В конце концов я нашел песню, а точнее, меня нашла песня. Если честно, в тот момент я с чувством хлопнул себя по лбу, не понимая, и как я раньше не додумался до этой единственной песни. А, по-хорошему, какая еще песня должна была мне вспомниться в преддверии тяжелейшей в истории страны войны?! Только одна, и называется она «Священная война»!

Боже, как я пел! Я не пел, я жил этими словами! За каждым звуком великой песни перед моими глазами вставали лица сгоравших в танках советских танкистов, вгрызавшихся в противотанковых рвах в мерзлую землю женщин, орущих от диких перегрузок пилотов, встававших во весь рост под пулеметные очереди советских пехотинцев… Едва речитативом я начал напевать первые слова песни, как буква «р» чудесным образом начала звучать.
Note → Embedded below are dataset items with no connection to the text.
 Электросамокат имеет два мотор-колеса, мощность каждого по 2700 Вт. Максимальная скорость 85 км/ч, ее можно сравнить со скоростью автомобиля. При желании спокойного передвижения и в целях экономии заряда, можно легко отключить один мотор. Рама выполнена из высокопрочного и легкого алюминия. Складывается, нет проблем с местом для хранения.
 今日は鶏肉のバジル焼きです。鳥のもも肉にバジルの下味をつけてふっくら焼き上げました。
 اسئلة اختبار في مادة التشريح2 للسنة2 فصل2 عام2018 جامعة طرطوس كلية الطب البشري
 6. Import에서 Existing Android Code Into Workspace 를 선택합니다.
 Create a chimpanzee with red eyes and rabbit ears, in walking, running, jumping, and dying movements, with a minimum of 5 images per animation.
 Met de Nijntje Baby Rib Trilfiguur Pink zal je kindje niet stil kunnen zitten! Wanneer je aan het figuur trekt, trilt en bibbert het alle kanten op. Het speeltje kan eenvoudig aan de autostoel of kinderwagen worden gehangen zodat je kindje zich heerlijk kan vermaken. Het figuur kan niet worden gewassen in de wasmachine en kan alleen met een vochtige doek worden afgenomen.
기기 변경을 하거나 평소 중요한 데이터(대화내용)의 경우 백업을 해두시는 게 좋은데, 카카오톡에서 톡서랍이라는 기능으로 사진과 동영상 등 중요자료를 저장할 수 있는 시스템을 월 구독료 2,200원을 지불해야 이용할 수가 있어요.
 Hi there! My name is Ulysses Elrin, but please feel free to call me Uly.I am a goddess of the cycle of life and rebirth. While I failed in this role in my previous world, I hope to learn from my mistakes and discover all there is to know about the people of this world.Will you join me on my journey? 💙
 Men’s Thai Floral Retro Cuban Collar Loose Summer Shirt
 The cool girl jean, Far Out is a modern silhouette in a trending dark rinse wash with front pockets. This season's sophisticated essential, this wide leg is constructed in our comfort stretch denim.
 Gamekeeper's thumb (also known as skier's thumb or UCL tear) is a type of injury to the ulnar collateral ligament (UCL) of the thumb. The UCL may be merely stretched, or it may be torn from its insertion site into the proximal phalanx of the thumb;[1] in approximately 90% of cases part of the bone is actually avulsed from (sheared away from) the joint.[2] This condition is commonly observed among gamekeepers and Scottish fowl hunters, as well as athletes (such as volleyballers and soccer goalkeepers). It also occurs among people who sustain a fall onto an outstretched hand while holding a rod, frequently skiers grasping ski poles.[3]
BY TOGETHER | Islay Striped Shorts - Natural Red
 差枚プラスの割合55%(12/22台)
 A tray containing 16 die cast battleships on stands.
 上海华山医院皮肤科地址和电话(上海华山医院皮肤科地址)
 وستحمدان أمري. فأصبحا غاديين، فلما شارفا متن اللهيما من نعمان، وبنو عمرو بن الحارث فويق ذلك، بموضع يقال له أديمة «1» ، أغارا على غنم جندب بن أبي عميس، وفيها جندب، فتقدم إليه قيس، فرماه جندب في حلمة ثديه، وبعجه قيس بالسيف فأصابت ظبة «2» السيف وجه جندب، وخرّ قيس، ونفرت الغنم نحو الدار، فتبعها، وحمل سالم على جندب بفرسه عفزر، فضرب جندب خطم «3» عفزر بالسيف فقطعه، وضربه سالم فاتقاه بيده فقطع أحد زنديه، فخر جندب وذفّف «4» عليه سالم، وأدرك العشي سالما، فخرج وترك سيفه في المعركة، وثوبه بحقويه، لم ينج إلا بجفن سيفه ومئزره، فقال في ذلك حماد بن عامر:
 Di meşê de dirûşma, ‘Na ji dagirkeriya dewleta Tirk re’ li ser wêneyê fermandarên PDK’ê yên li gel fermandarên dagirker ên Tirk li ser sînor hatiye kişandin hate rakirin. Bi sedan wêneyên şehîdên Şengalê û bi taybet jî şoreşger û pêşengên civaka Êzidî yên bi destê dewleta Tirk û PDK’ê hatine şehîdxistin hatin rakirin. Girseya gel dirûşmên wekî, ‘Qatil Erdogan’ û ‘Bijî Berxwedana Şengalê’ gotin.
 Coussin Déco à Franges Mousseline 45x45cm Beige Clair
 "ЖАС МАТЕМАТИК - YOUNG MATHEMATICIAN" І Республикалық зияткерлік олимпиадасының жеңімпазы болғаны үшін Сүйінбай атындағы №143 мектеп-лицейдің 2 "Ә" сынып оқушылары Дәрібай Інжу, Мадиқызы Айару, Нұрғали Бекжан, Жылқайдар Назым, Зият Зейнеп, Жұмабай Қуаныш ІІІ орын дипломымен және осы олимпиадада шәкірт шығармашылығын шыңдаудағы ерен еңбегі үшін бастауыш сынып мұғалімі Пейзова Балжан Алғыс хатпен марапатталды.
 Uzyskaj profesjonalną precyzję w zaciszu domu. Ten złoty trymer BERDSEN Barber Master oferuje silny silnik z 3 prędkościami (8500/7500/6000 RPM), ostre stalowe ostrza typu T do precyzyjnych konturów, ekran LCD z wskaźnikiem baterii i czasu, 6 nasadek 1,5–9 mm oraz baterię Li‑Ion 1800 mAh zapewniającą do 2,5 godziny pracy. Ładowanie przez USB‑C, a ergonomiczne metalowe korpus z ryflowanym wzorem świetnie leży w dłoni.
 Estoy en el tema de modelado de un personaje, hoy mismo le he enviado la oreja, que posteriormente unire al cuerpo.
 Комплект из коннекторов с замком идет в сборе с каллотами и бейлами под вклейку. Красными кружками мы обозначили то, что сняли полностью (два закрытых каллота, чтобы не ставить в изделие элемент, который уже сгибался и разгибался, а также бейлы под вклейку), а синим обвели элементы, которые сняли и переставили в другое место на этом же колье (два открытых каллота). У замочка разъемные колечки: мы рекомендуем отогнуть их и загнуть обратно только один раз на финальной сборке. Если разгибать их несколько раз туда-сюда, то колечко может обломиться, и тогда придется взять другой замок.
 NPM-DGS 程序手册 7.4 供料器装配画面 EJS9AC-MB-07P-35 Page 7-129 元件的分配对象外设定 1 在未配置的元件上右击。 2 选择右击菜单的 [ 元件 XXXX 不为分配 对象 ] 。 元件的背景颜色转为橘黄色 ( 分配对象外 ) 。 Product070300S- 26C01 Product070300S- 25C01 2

И с каждым новым разом она звучала все четче и четче.

В какой-то момент слова песни-марша, песни-клятвы, песни-призыва я уже пел в полный голос. Правда, голос этот был нетвердым, напоминающим детский и писклявым, однако напор и мощь песни все равно чувствовались…

БАМС! Вдруг с силой хлопнула дверь нашей избушки! Я тут же заткнулся и нырнул в самую гущу крапивы, откуда прекрасно просматривалось наше крыльцо. «Вот же старая карга! Я, дурень, и не заметил, как она вернулась». Прямо перед входом, что-то бормоча себе под нос, лежала бабуля. Корячась, она крепко обнимала какой-то сверток, в котором я, к своему изумлению, узнал оклад ее самой оберегаемой иконы «Владимирской Богородицы». «Чего это она?» Высунувшись из крапивы, я с изумлением следил за ней. «Она же с этой иконы буквально пылинки сдувала, а тут куда-то тащит ее… Подожди-ка, она чего-то там бормочет». Я по-пластунски, осторожно отодвигая стебли крапивы, пополз в ее сторону.

Наконец в ее бормотаниях я что-то стал различать.

– Ой, что же это тако? Матерь Божия… – шептала – бормотала бабуля, бережно укутывая полураскрытую икону. – Заговорила… Боженьки мои, чудо-то какое… Дождалась, боженьки мои, дождалась, – было слышно, как она начала всхлипывать. – Богородица заговорила… Плохое что-то пророчит. Темную орду пророчит… Надо скорее к матушке Фросе бежать… Боженьки мои… Что же это тапереча будет?

Расслышав, что это она там бормочет, я немного прифигел. «У бабули что, шифер поехал? Какая еще Богородица? Какая там темная орда? Мать его, да это же…» Меня аж пот с головы до ног пробил от пришедшей в голову мысли. «Это что же получается, бабуля приняла мое пение за голос Богородицы?» Резко вскочив, я подбежал к стене избы, где несколькими минутами ранее занимался своими тренировками. «Черт побери! Отдушина в стене! Мать ее…» Прямо в бревенчатой стене избы располагалось отверстие примерно с кулак взрослого человека. «Вот это я дал! Бляха-муха! У нее же от всего этого мозги могут набекрень съехать… Она ведь совершенно искренне верит!» В этот момент меня осенило! «Вот же он, ключик! Черт меня дери, это же самый настоящий золотой ключик… И как бы это ни было гадко, но я должен буду это использовать в своих целях. Иначе я … мы все здесь сдохнем под немецкими танками».